_Work request_
Find the line that contains "本日、初生小学校を巣立つ卒業"; please output it and each line after it, exactly as shown, up to the end of the entries below, skipping pictures.

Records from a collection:
##########

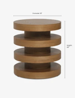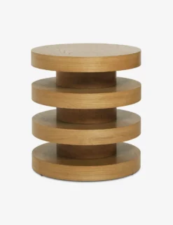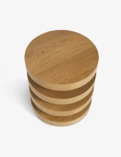 Elevate your living space with a wooden side table that pairs a sculptural silhouette with a natural grain texture. The stacked cylinder end table design offers a dynamic look to pair with a clean-lined sofa or accent chair with modern appeal. This piece is from our exclusive Sarah Sherman Samuel collaboration and features all the trademarks of her warm, edited style.
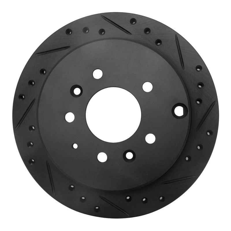 R1 92-06 Mazda 929 Rear Right Drilled & Slotted Black Brake Rotor - 633-80061R
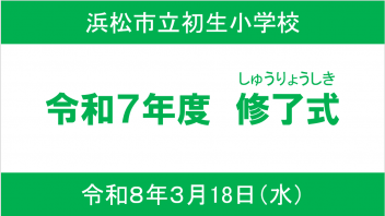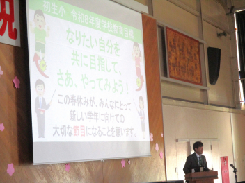 本日、初生小学校を巣立つ卒業生(121名)の皆さん、御卒業おめでとうございます。心よりお祝い申し上げます。
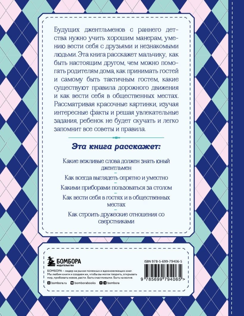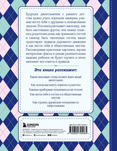 Future gentlemen should be taught good manners and how to behave with friends and strangers from an early age. This book will tell the boy how to be a true friend, how to help parents at home, how to receive guests and be a tactful guest, what are the rules of the road and how to behave in public places. Looking at the colorful pictures, learning interesting facts and solving fascinating tasks, the child will not be bored and will easily remember all the tips and rules.
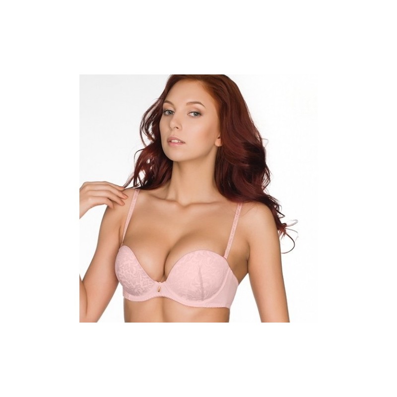 Бюстгальтер балконет с эффектом пуш-ап из эластичного трикотажного полотна и эластичного кружевного полотна. На косточах. Жёсткие формованные чашки. Съёмные бретели. Упругие платины в боковых деталях стана. Отделка - украшение в виде декоративной подвески "под золото". Серия Акцент.
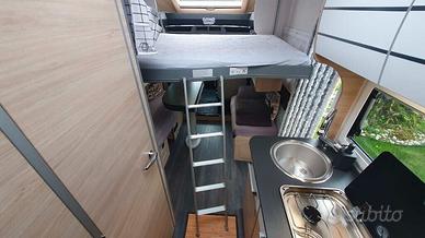La cucina è dotata di un frigorifero trivalente da 134 litri, mentre il bagno ha una pratica doccia separata. Inoltre, il camper dispone di un comodo armadio posteriore per ottimizzare lo spazio di stivaggio.
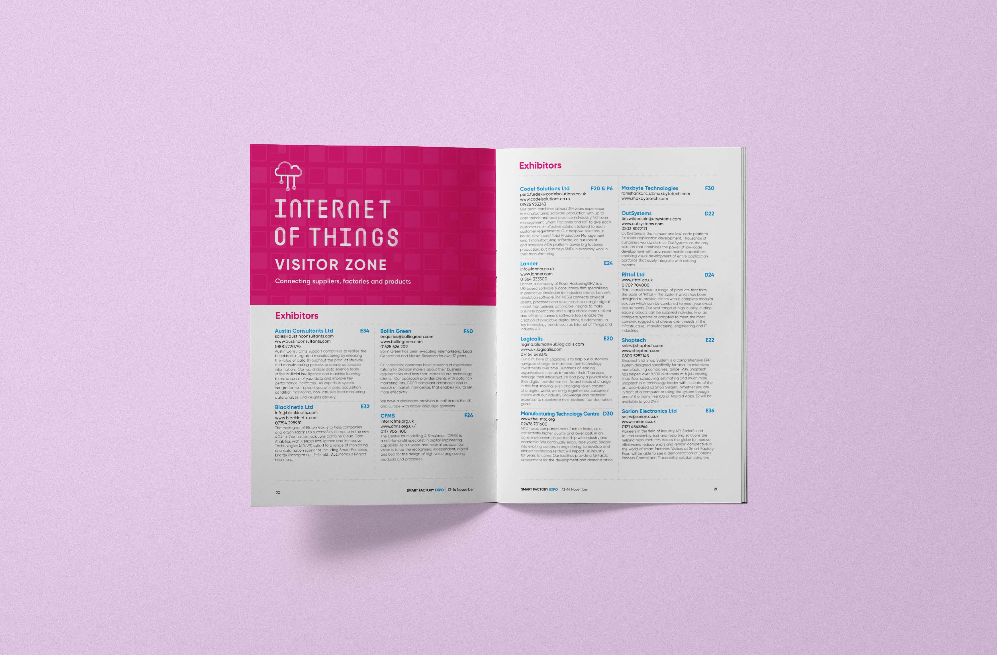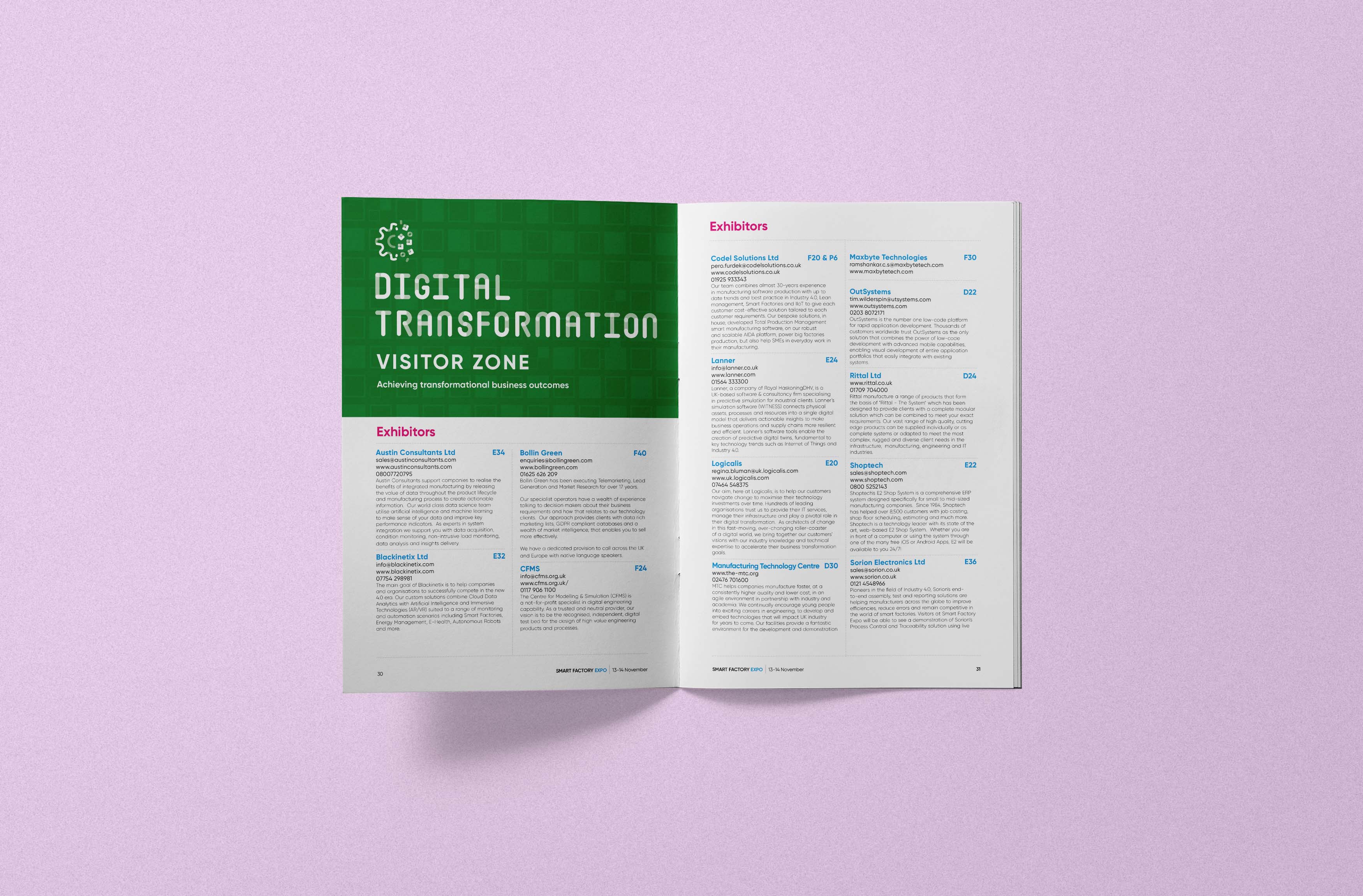 A typographic system based on a hinge/pivot system was created to reinforce the shows manufacturing and engineering spirit. The system later developed in to a series of icons which were rolled out over hanging banners, voiles, topic bins, lecterns and show guide.
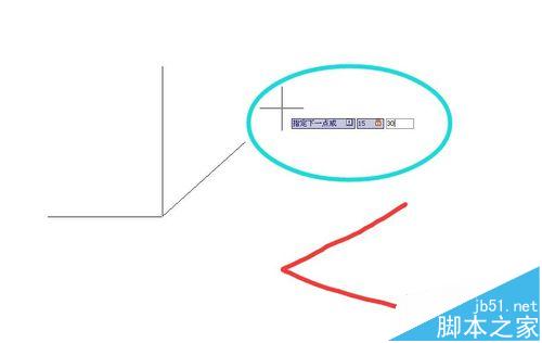 1、上面相对坐标是知道长和高,那极坐标就是知道角度和要画的长度,也是可以画出来的。同理,在这个直角点画出斜长15,角度30°的。

##########

_Answer space_
 本日、初生小学校を巣立つ卒業生(121名)の皆さん、御卒業おめでとうございます。心よりお祝い申し上げます。
 Future gentlemen should be taught good manners and how to behave with friends and strangers from an early age. This book will tell the boy how to be a true friend, how to help parents at home, how to receive guests and be a tactful guest, what are the rules of the road and how to behave in public places. Looking at the colorful pictures, learning interesting facts and solving fascinating tasks, the child will not be bored and will easily remember all the tips and rules.
 Бюстгальтер балконет с эффектом пуш-ап из эластичного трикотажного полотна и эластичного кружевного полотна. На косточах. Жёсткие формованные чашки. Съёмные бретели. Упругие платины в боковых деталях стана. Отделка - украшение в виде декоративной подвески "под золото". Серия Акцент.
La cucina è dotata di un frigorifero trivalente da 134 litri, mentre il bagno ha una pratica doccia separata. Inoltre, il camper dispone di un comodo armadio posteriore per ottimizzare lo spazio di stivaggio.
 A typographic system based on a hinge/pivot system was created to reinforce the shows manufacturing and engineering spirit. The system later developed in to a series of icons which were rolled out over hanging banners, voiles, topic bins, lecterns and show guide.
 1、上面相对坐标是知道长和高,那极坐标就是知道角度和要画的长度,也是可以画出来的。同理,在这个直角点画出斜长15,角度30°的。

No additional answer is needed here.